As some of you may remember, YFNA studies seaweeds and related plant-like stuff (you know, pond scum) for a living. The dictionary word for this stuff is algae. No, this isn’t Greek to you, or me either. It’s Latin. This will become important in a minute.

You probably know that there are a lot of “-ology” words out there that describe particular fields of study. The “-ology” comes from the Greek word logos, which can mean “(the) word”. As in “the last word on something”. Thus, the study of animals (Greek zoon) is zoology. The study of the mind (Greek psyche) is psychology. If you don’t mind. So it would make sense that the study of algae is algology.

BZZAAATTT!!!!!

Y’see, there’s this arcane rule of English that says you can’t make a compound word out of other words that are derived from more than one language. There’s a fancy term for this sort of thing, which YFNA is too lazy to look up right now. Besides, Quilly wants him to be going to bed, not sitting up writing blog posts.
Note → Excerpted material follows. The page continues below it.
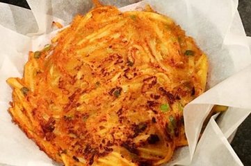 1、洋芋兩個擦絲,用水淘洗下,然後打兩個雞蛋,加入青蒜和香菜,加麵粉(根據自己喜歡菜多還是少,可酌量加水和麵粉),調成稠糊狀,然後加鹽和少許五香粉。

So putting algae, which is Latin (said this would be important later), together with logos, which is Greek, is verboten, which is German and it means “don’t do it”. Somebody might think that algae is Greek, and spend the rest of the evening quoting Shakespeare and creating a nuisance.
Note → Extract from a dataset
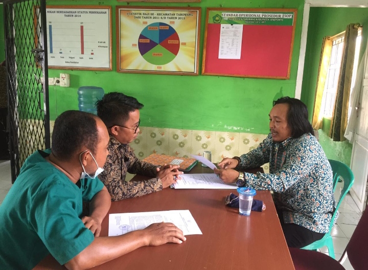 Pengelola Program Kesehatan Jiwa Puskesmas Tarowang an. Suardi Hartono, S. Kep., Ns. bersama 2 rekannya berkoordinasi dengan pihak KUA Kecamatan Tarowang yang diwakili oleh Akhmad Rewa S. HI., yang terkait tentang kerjasama lintas sektoral Program Gubernur Sulsel Bersinar Gencarkan, Kamis (15/09/2022).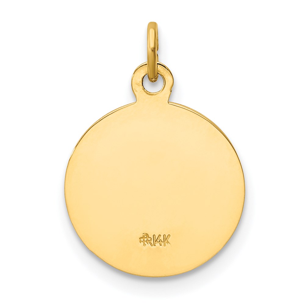 14K Polished and Satin Solid Caridad Del Cobre Medal Round Charm

You’re supposed to pair up Greek words with other Greek words. It so happens that there is a Greek word for “seaweed”. It’s phykos. From which we get the word phycology. And a whole lot of mail from pharmaceutical companies that are trying to get us to prescribe their antidepressants. A phycologist going to a psychologist’s clinic to seek treatment for his identity crisis would probably wind up fatally confusing both of them.

But YFNA knew all this already. Has been living with it for, well, since elephants had fur. What he didn’t know is that there is a Greek word that begins with alg- and can be legally combined with logos. That word is algos. Which means pain. So, algology actually is a legal word, and it means “the study of pain”.

Wait ’til I tell the folks at the next phycological society meeting about this. They’ll probably tell me that I need a shrink. I heard that!